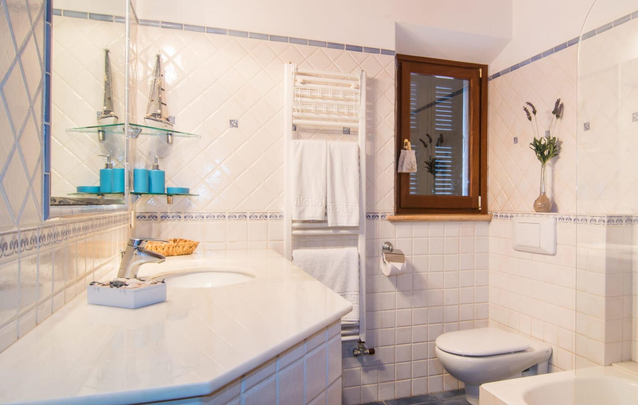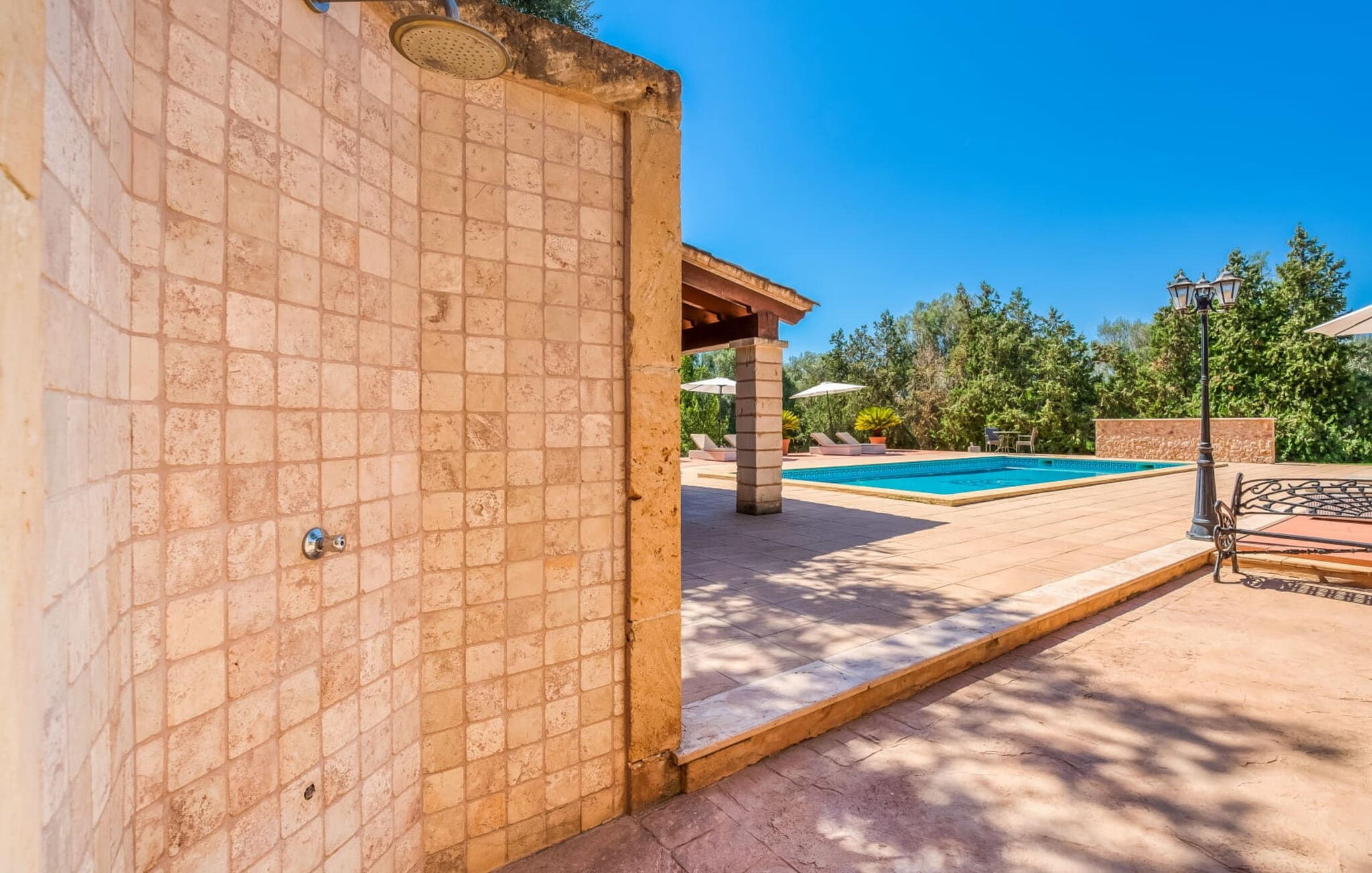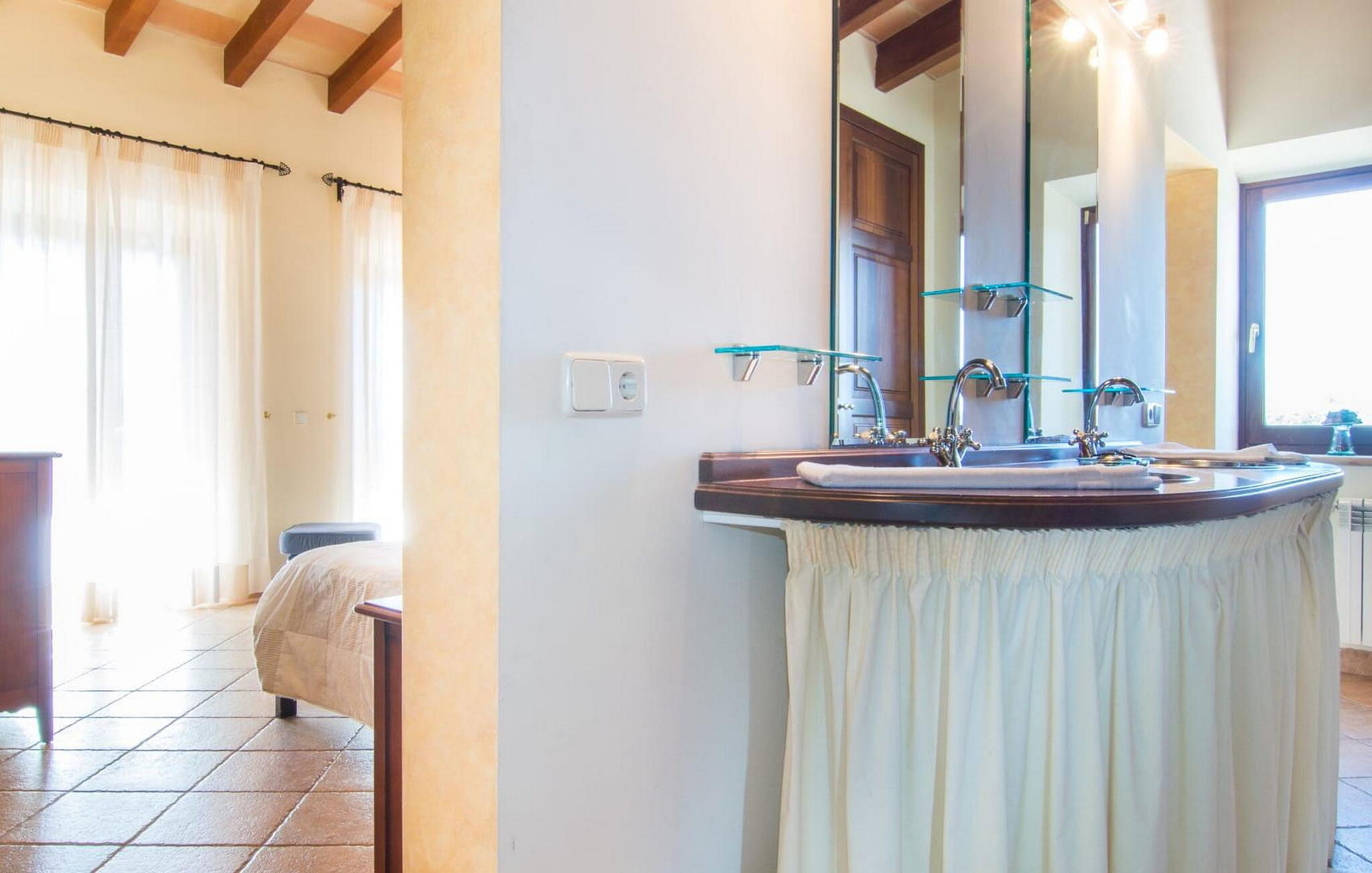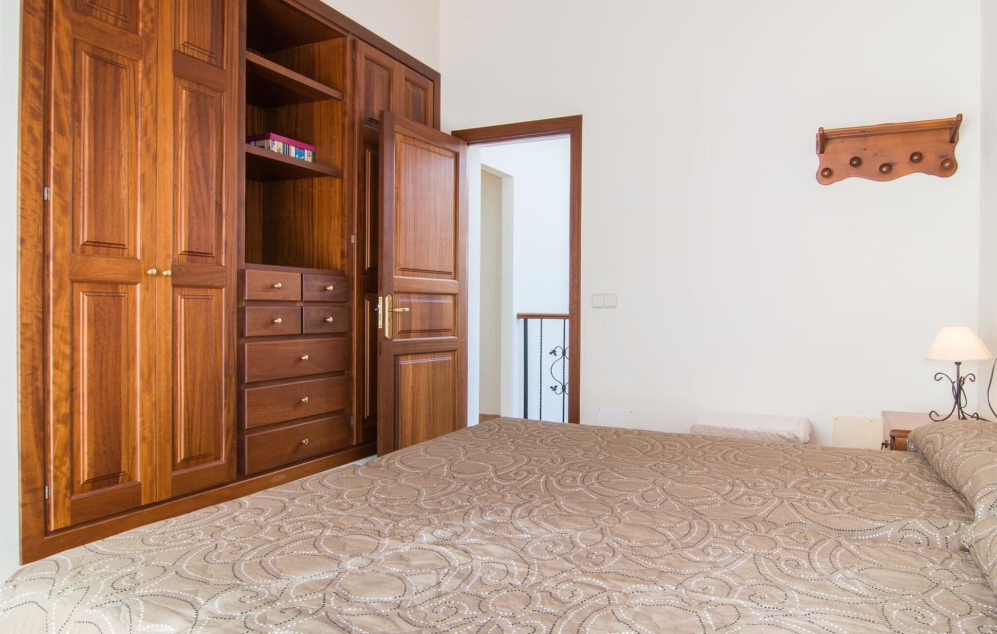Het interieur van de villa is indrukwekkend: de inrichting is tot in het kleinste detail liefdevol gemodelleerd naar de klassieke Mallorcaanse stijl. Er zijn grote tegels in elke kamer, evenals warm, donkerbruin hout, lichtgekleurde muren en smaakvolle lampen. De begane grond heeft een open ontwerp en stenen bogen verbinden esthetisch de zeer goed uitgeruste keuken, de gezellige eethoek en de woonkamer met zijn extreem zacht gestoffeerde meubels, die rond de eigen open haard van het huis is gerangschikt. Op koudere avonden kun je hier vele aangename uren doorbrengen bij het knisperende haardvuur. Een van de vier tweepersoonsslaapkamers van de villa bevindt zich op de benedenverdieping. De andere drie bevinden zich op de bovenverdieping en zijn bereikbaar via een elegante trap met een sierlijke zwarte leuning. Alle slaapkamers zijn licht, ruim en voorzien van aantrekkelijke bedden; de drie zeer schone badkamers zijn bijzonder indrukwekkend dankzij hun moderne, hoogwaardige inrichting.
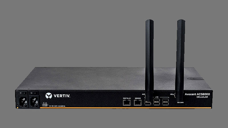 The Avocent® ACS 8000 Advanced Console Server delivers all the remote monitoring and management advantages of a traditional serial console, with the addition of cellular connectivity, enabling it to provide automated failover.
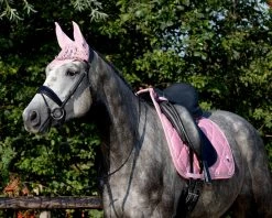 Elegant saddle pad with two decorative cords and a lace trim for an extra chic touch. The saddle pad is equipped with girth loops and short billet straps with Velcro to ensure that the saddle pad stays in place. The QHP badge on the left side completes the saddle pad.

■ Exercise aim
Find the line with "The Avocent® ACS" in the listing above, then write it out along with every later line through the last one, exactly, omitting pictures.

■ Task answer
 The Avocent® ACS 8000 Advanced Console Server delivers all the remote monitoring and management advantages of a traditional serial console, with the addition of cellular connectivity, enabling it to provide automated failover.
 Elegant saddle pad with two decorative cords and a lace trim for an extra chic touch. The saddle pad is equipped with girth loops and short billet straps with Velcro to ensure that the saddle pad stays in place. The QHP badge on the left side completes the saddle pad.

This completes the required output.